Изучение богословия увлекательно; куда больше, чем любое другое занятие на свете. Надеюсь дожить до времени, когда вы сочтете своим долгом приобщиться к тому же предмету с устремлением к служению. Помните: таковой была молитва ваших дорогих отца и матери и доныне остается молитвой ваших друзей, — чтобы вы шагнули на его место и явили воочию, что являетесь другом Небес и имеете вкус к их славе. Но это, как вы сами понимаете, никогда не произойдет, пока вы пребываете в естественном состоянии. А потому используйте нынешние и будущие мгновения наилучшим образом, сознавая, что скоро настанет час, когда вы пожелаете, чтобы ваша жизнь была прожита правильно, разумно и подобающе бессмертному существу.
Ваш друг,
СЭМЮЭЛ СПРИНГ. В 1806–1807 годах колоссальное возбуждение вызвало то обстоятельство, что полковник Бэрр писал шифром генералу Уилкинсону. В этом отношении он, по-видимому, придерживался особых взглядов. Сколь бы ни была невинна его переписка, он, судя по всему, во все времена стремился окутать ее завесой тайны. Эта же черта ярко проявлялась в его политических шагах и общении. Таково было одно из слабых мест в характере полковника Бэрра. Его считали человеком загадочным, и то, что было непонятно толве, именовалось корыстной или честолюбивой интригой. Даже лучшие друзья нередко бывали недовольны им по этой причине. Руководствуясь данным принципом таинственности на протяжении каждого этапа своей жизни, он вел переписку с одним или несколькими лицами на языке шифров. Еще будучи студентом колледжа, он нередко переписывался с сестрой шифром. Точно так же значительная часть его переписки с самым близким другом Матиасом Огденом и другими лицами в 1774 и 1775 годах велась шифром. Многие из таких написанных шифром писем существуют и поныне. Следовательно, для тех, кто был знаком с характером и особенностями полковника Бэрра, сам факт написания письма шифром не представлял ничего из ряда вон выходящего, ибо это была привычка, которую он усвоил и практиковал более чем за тридцать лет до того момента, когда разразился этот ажиотаж.

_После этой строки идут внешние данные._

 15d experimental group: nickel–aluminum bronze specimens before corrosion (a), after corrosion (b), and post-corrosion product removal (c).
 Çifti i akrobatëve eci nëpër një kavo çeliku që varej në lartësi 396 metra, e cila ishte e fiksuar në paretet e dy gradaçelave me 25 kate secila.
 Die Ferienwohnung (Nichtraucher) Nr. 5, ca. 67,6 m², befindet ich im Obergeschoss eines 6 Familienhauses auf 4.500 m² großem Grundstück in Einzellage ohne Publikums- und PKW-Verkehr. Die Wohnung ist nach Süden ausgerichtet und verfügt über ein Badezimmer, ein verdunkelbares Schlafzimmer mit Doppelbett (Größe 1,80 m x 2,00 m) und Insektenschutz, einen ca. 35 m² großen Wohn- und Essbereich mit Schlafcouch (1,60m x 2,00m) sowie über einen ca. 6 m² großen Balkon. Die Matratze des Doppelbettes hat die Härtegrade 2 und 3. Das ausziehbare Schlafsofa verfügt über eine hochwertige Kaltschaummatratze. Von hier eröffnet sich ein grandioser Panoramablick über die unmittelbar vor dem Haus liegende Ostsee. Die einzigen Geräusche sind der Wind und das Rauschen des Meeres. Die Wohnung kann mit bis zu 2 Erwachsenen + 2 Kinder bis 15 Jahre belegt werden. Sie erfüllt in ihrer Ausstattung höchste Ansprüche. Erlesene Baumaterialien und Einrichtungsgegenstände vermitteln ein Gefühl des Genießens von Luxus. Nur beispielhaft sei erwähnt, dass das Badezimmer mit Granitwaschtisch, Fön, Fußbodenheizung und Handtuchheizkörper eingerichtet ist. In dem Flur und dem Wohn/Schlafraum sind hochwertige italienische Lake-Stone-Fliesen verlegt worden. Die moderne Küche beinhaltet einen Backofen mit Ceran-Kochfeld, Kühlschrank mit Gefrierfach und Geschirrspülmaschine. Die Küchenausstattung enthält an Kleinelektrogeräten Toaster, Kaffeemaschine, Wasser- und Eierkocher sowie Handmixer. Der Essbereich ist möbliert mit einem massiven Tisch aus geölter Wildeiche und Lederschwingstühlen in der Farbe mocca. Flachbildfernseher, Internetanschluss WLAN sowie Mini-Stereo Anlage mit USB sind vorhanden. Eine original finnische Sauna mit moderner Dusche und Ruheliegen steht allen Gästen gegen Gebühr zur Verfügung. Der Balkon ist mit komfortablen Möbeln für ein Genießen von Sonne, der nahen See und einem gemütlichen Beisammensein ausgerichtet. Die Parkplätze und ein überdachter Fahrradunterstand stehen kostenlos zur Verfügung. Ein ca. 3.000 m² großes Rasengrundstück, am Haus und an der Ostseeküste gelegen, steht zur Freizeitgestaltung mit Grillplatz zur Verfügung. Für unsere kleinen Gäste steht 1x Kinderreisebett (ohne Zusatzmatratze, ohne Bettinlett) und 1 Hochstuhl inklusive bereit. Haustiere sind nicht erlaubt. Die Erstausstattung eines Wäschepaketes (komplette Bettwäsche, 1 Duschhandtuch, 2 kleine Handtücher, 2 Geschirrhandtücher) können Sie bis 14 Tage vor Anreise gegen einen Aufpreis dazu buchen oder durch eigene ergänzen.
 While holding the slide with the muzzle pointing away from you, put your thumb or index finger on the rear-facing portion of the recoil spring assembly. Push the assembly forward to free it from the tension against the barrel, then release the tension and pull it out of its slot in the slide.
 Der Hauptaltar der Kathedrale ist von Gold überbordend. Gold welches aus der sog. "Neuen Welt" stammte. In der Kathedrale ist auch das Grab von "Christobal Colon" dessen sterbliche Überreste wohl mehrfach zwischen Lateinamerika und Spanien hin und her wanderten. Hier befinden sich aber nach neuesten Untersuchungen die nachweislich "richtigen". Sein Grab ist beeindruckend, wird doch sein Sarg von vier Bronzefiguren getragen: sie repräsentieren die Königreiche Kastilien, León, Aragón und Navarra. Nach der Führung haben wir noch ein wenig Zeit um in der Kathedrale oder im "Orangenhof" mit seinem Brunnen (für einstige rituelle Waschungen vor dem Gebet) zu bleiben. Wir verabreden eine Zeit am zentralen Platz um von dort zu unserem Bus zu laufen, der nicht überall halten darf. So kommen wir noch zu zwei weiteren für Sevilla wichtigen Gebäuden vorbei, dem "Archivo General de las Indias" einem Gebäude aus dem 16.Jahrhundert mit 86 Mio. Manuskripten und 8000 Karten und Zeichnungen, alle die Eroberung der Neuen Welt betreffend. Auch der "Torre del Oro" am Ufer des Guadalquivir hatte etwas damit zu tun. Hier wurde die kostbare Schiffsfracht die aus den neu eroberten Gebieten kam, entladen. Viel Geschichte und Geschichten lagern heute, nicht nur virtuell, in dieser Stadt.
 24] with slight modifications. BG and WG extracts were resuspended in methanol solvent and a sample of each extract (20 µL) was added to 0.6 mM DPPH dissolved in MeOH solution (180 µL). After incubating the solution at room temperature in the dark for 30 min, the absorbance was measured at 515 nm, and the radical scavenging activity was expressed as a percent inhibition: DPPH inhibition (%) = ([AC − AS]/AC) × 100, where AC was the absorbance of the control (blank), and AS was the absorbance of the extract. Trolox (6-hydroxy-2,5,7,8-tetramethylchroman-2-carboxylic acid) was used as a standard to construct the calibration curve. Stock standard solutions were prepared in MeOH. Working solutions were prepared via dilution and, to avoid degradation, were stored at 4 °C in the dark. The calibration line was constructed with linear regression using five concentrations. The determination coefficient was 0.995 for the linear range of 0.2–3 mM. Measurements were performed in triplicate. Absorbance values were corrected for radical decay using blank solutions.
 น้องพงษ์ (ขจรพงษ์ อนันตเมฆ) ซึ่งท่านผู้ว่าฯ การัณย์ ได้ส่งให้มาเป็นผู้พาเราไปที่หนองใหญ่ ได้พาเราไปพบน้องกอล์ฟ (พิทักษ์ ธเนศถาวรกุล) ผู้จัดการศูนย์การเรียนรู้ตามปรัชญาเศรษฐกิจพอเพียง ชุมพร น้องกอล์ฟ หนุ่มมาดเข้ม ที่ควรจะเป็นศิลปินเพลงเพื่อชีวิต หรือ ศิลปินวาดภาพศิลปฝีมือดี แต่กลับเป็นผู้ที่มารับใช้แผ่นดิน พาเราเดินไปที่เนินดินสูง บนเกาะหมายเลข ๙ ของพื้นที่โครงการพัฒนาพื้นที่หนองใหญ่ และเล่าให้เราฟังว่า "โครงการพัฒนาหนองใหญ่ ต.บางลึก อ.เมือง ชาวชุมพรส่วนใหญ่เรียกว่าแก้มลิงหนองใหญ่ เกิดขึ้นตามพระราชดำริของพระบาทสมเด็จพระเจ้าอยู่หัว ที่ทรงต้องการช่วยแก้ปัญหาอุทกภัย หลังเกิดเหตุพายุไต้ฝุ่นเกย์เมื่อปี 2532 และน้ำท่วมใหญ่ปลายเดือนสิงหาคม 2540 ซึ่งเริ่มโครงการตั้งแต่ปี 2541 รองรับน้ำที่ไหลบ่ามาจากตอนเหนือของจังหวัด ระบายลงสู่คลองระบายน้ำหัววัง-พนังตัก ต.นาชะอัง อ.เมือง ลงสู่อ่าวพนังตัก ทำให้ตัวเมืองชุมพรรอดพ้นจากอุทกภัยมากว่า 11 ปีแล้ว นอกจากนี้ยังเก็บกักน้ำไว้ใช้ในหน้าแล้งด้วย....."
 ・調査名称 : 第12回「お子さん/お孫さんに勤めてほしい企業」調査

Еще до того, как покинуть Принстон, предаваясь удовольствиям и развлечениям, Бэрр случайно заглянул в бильярдную. Он вступил в игру и, хотя никогда прежде не видел эту игру, одержал победу, выиграв около полджои. Возвращаясь домой с выигрышем, он размышлял об этом происшествии с величайшим стыдом и решил больше никогда не играть — и этому решению он хранил верность всю жизнь. Полковник Бэрр не только воздерживался от игры в бильярд, но с той же непреклонностью отказывался играть в любые игры ради наживы.